The median seed funded company was founded in 2023, about 3 years before its round. The median Series A company employed 30 people, Series B sat at 69, and Series C at 150, making headcount one of the most reliable stage proxies in the dataset.
For sellers, the company profile matters as much as the funding event. A 25 person company that just raised a Series A has no procurement department, a short buying cycle, and a founder or VP making the decision directly.
Outlook for Q2 2026
Three patterns from this quarter are worth carrying into the next one. First, the AI graduation effect: if AI's share of Series A and B deals keeps climbing past 60 percent, non AI founders face a structurally harder follow on market regardless of their metrics, and capital efficiency becomes their primary pitch.
Second, credit as a growth instrument. With $35 billion of debt deployed in a single quarter at a $100 million median, lenders are now direct competitors to growth equity for asset heavy and revenue predictable companies, and the renewables and data center categories will keep pulling that number up.
Third, the supply side of the market is stable and large. 550 to 650 companies enter each month with fresh capital, open hiring plans, and active vendor evaluations, and history from this dataset suggests most of that buying happens in the first 90 days after the round closes.
That last window is the reason Fundraise Insider exists. A funded company contacted in week 1 is evaluating; the same company contacted in month 6 already signed with someone else.
Methodology
This report covers 1,729 companies with a last funding date between January 1 and March 31, 2026, drawn from the Fundraise Insider verified contact database.

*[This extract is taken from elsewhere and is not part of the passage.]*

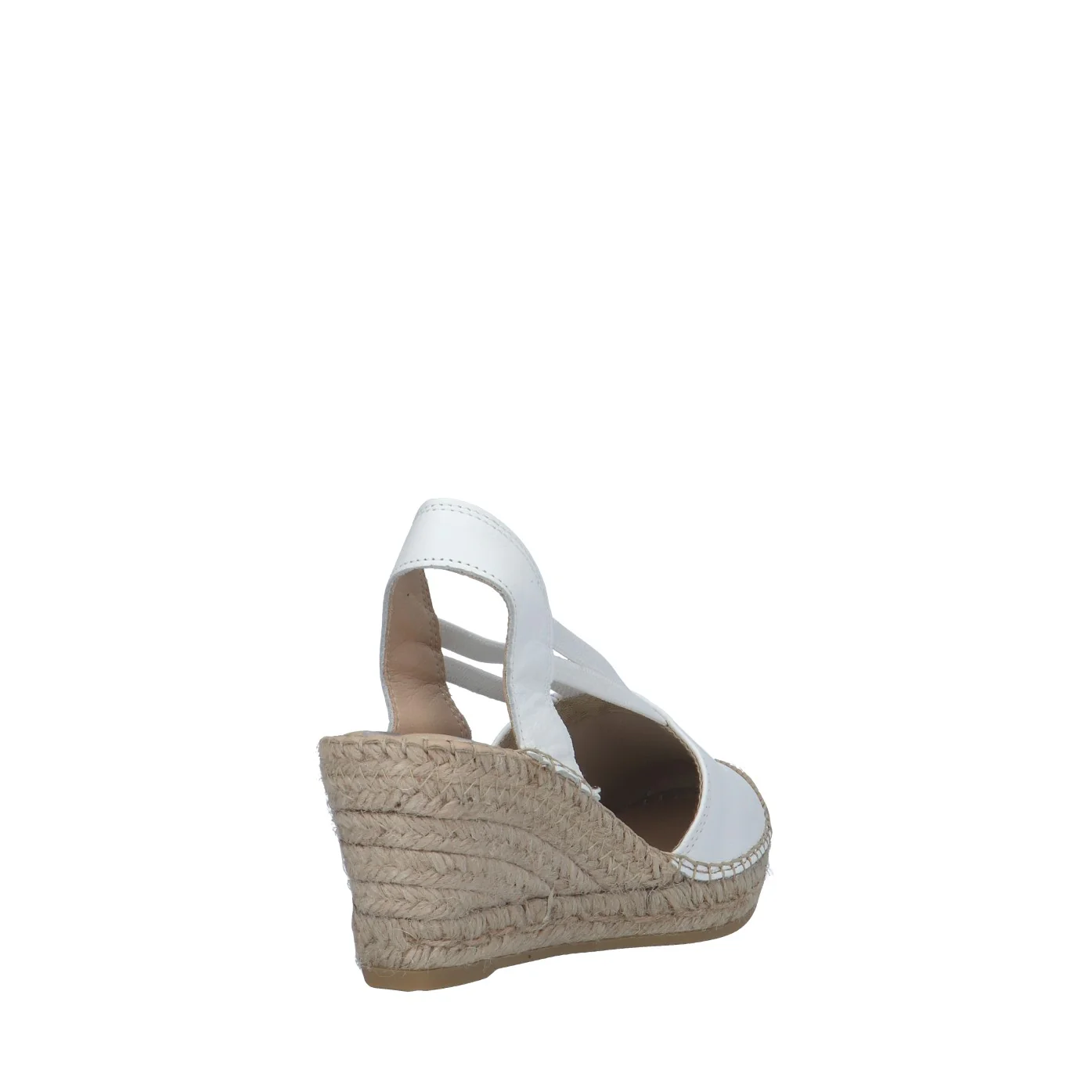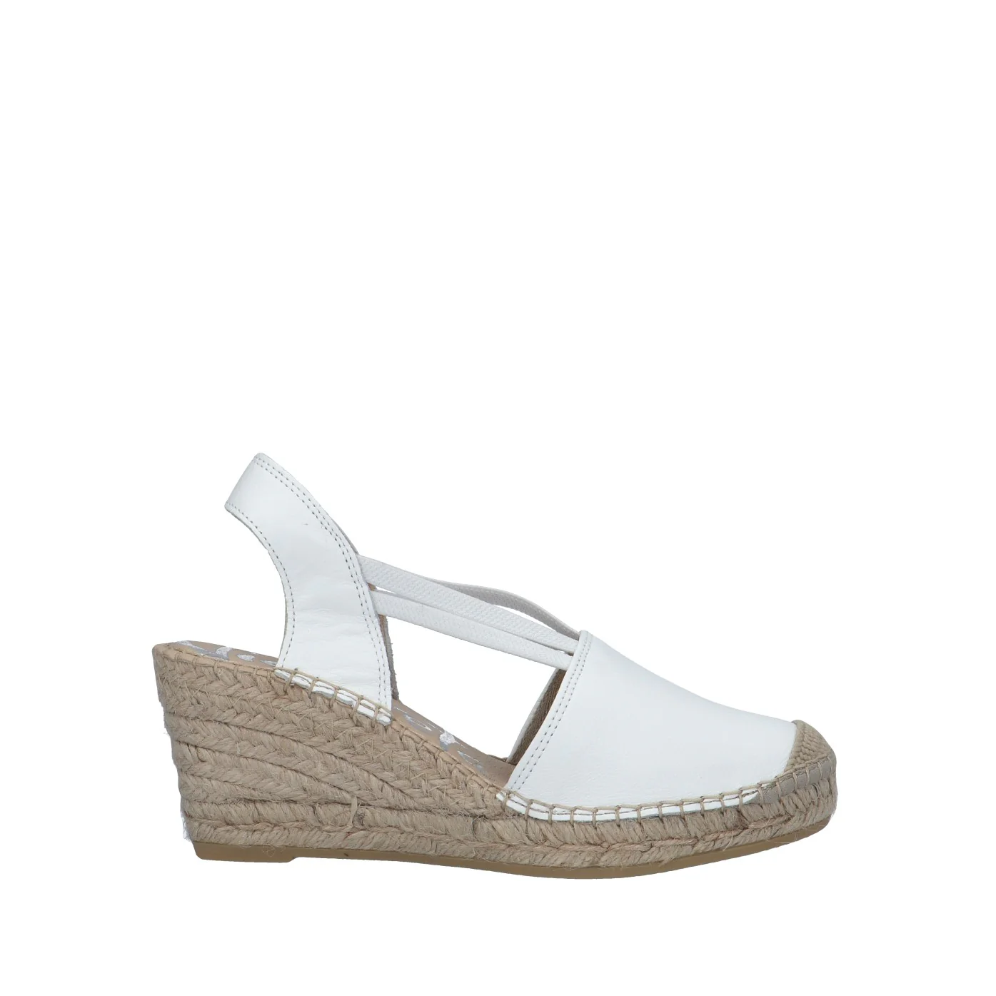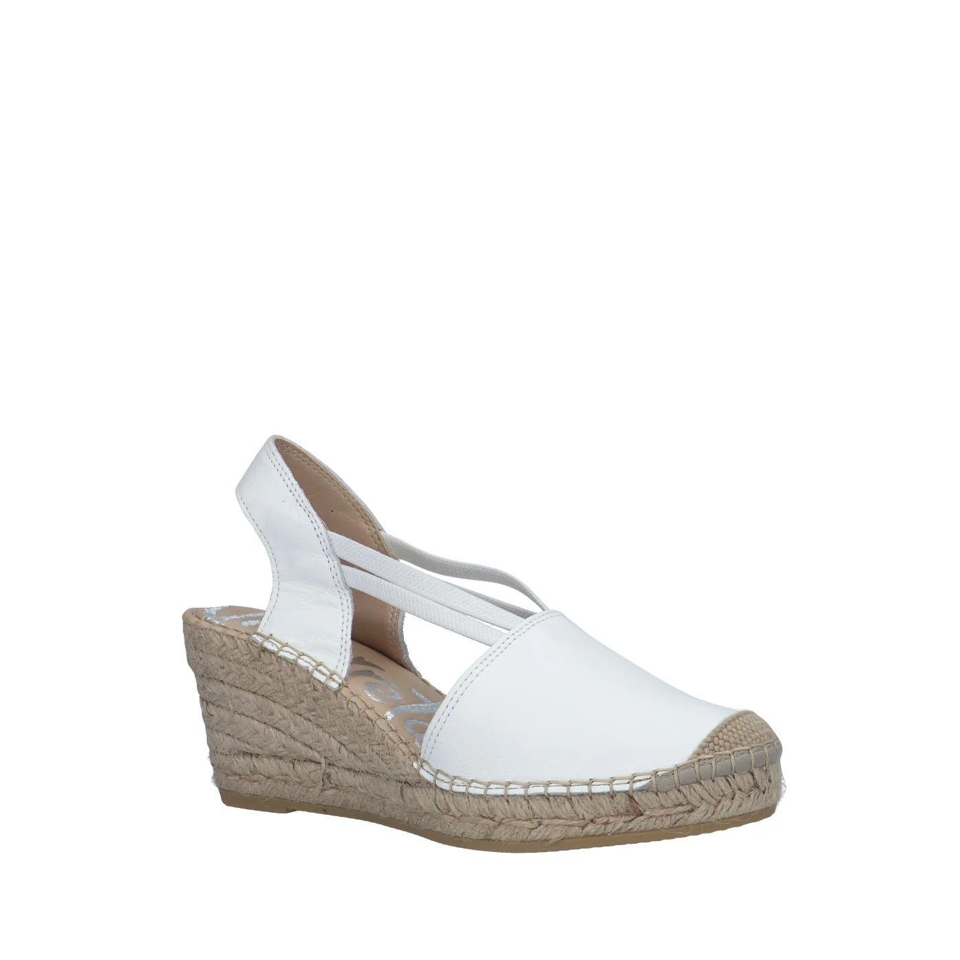 Modello: espadrillas;Materiale tomaia: nappa;Colore: bianco;Interno: tessuto;Fondo: zeppa in corda 7 cm;Chiusura: elastici;Calzata: regolare;Descrizione riferita al numero 37.Art.:05500

Capital figures reflect the 1,422 companies that disclosed a round amount; the remainder are counted in deal volume only.
AI classification is based on company descriptions referencing artificial intelligence, machine learning, or generative technology as core to the product. Investor appearance counts reflect listed top investors per company and understate total portfolio activity for any given firm.